Александр Потемкин - Человек отменяется
Здесь он застал именно ту картину, которую предвидел и планировал: обеденный стол был завален яствами. Чего только не было: жареный молочный поросенок по-грузински, испанский хамон, копченая свиная ножка из Голландии, пельмени с фаршем из поросячьих язычков, кочан, начиненный печенью дикого кабана, чешская свинина по-охотничьи, окорок жареный, белорусская драчена свиная, свиные ножки с кислой капустой по-немецки, свинина фаршированная с сыром по-тульски, свинина тушеная с яблоками по-украински, свиные шарики с ананасом, салями всех видов, сало с чесноком, с луком, с зеленью, английский бекон, бекон заливной по-шотландски, свинина по-шанхайски в соевом соусе, свинина по-кантонски с кедровым орехом, кабанья спинка со шпинатом, фрикадельки паровые с имбирем и так далее и так далее. Более тридцати наименований блюд и столько же бутылок самых разных спиртных напитков располагались на столе. Каюлов ничего не ел уже пятые сутки. Он пил лишь воду и отказывался даже смотреть на гастрономические деликатесы. Повар Евгений каждые четыре часа ставил на стол свежую еду, а «устаревшую» передавал в четвертый барак, где проводился другой замечательный опыт — провокация чревоугодием.
— Как дела, Каюлов? — спросил Иван Степанович.
— Спасибо, пока жив!
— Бастуешь, не ешь? Долго ли протянешь? У тебя же большая семья, а ты один работаешь. Семье деньги нужны…
— Вы испытываете меня, а я хочу испытать вас.

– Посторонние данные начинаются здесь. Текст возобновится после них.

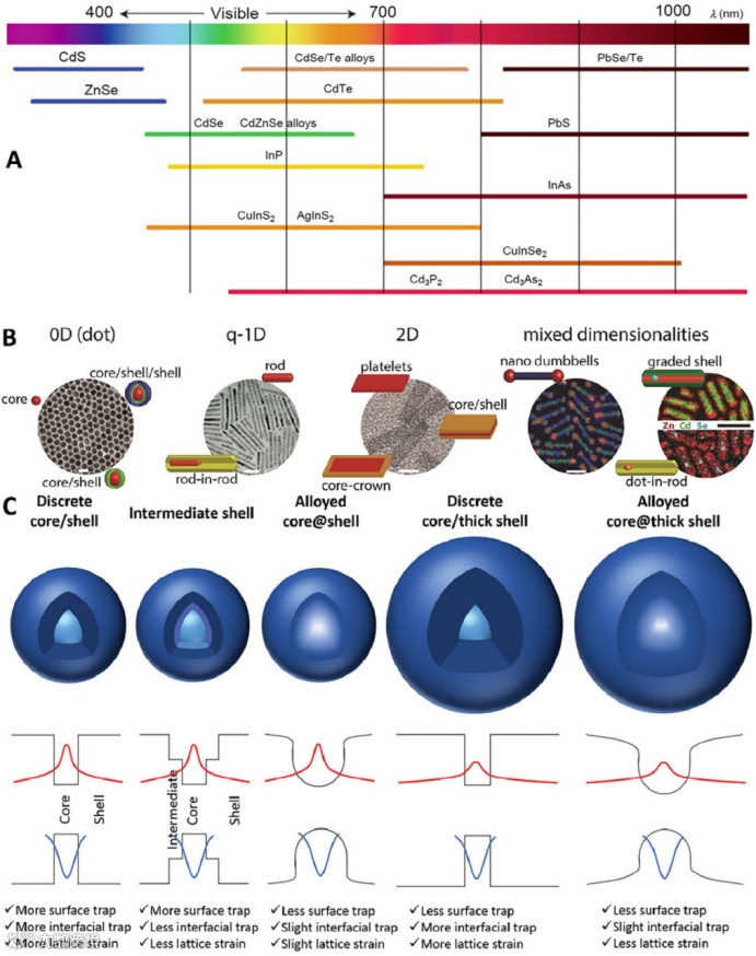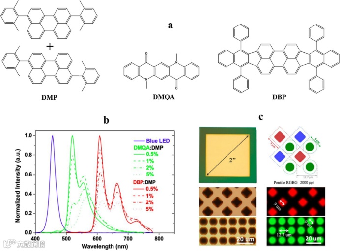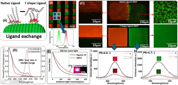 最近,显示设备中的光致发光型彩色滤光片(PLCFs)需求量很大,特别是由于其高饱和度的颜色和更高的显示光学效率。与用于现代显示设备的吸收型彩色滤光片不同,光致发光型彩色滤光片减少了整体显示光的损失,因此,许多发光材料,包括无机磷酸盐、半导体纳米晶体和有机染料,已被研究用于彩色滤光片应用。尽管量子点、量子棒和钙钛矿纳米晶体等纳米材料表现出窄带发射,优于有机染料,但基于纳米材料的光致发光彩色滤光片的制造面临着重大挑战。香港科技大学先进显示和光电子技术国家重点实验室,科研团队在该领域的最新进展。评估了现有技术的可能性和局限性,提出了一种确定潜在颜色转换材料候选者的度量标准,并提出了PLCFs 的性能,还提出了将该技术应用于现代显示器的可能解决方案。
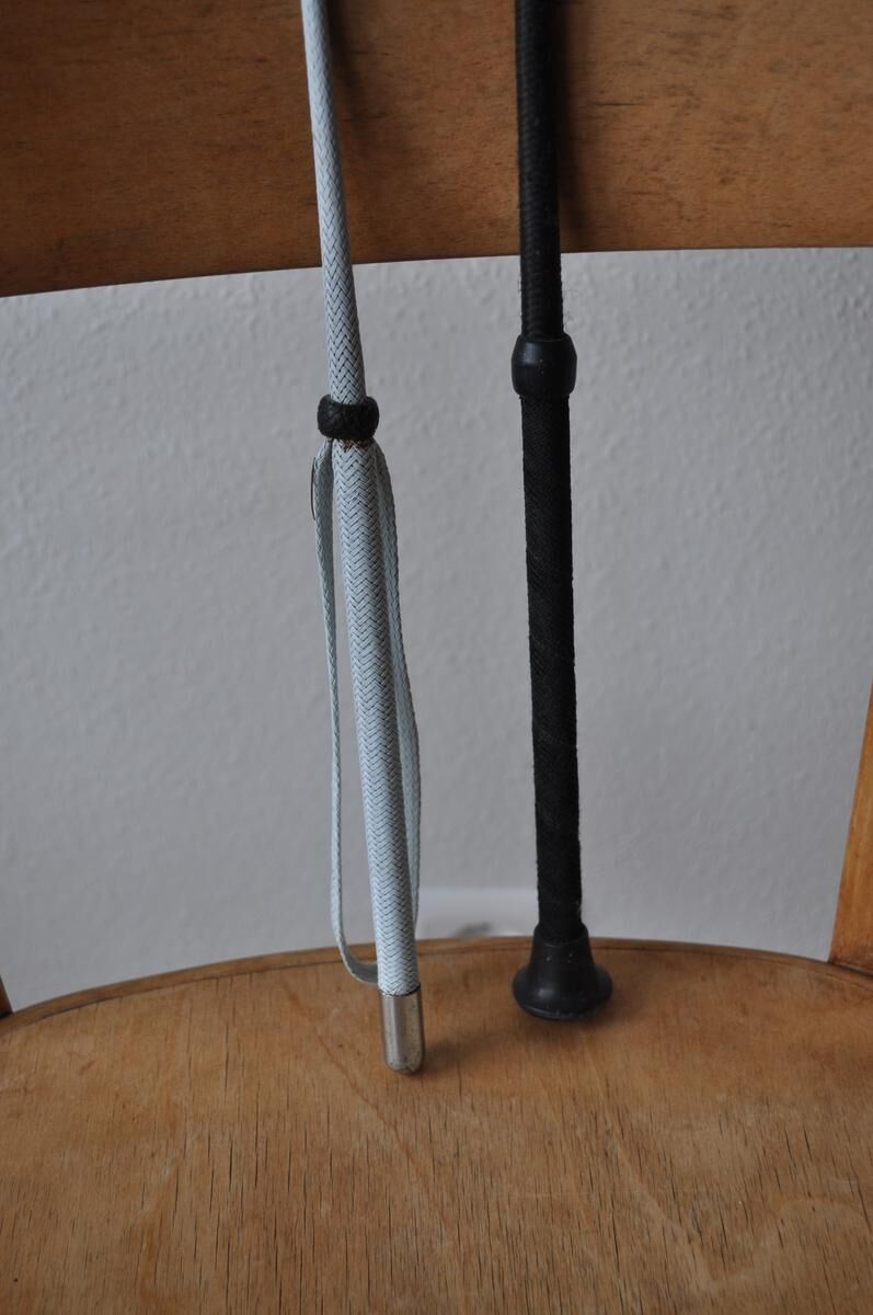 2 cravaches saut : noire 65cm bout en cuire + bleu-ciel 65cm.

— Это как? — удивился Гусятников.
— Без еды человек сможет прожить двадцать пять — тридцать дней. Сомневаюсь, что вы планируете уморить меня. Зачем? Что вам даст моя смерть? В чем убедит? Можете не сомневаться, к такой еде я не притронусь, но хочу увидеть, сколько дней вы сможете держать меня на голодном пайке. Чтобы потом понять, существует ли в вашем сознании мораль. Тут не человеческая, а дьявольская ментальность нужна — умертвить невинного человека, отца огромного семейства. Очень непросто такое содеять! Я готов принять смерть, потому что не способен нарушить исламские законы. Сверкающее в стаканах вино, христианские аппетитные блюда не способны соблазнить меня. Каким вам представляется конец этого сюжета? Что, вы готовы благословить мою кончину? Конечно, вполне возможно, что вы некрофил и смерть человека вам в радость, как пилюля, успокаивающая душу. Ведь людоеды нередко встречались среди русских помещиков. Нет? Сердитесь? Вижу, что сердитесь! Выходит, мое предположение вам неприятно и вы от своих рабов готовы слышать одни комплименты. Нет, я конечно, не жду от вас дифирамбов в адрес ислама и моей скромной личности. Бедняге поневоле, жертве распада коммунистической империи. Но уважать можно молча, про себя, не устраивая провокационных спектаклей. А что вы, уважаемый господин хозяин, ежедневно выставляете перед мусульманином блюда исключительно из свинины и мучаете его голодом? Смешно? Умно? Нет! Глупо, жестоко! Еще несколько дней потерплю, а потом уйду искать заработок в другое место. Надеюсь, за простой заплатите?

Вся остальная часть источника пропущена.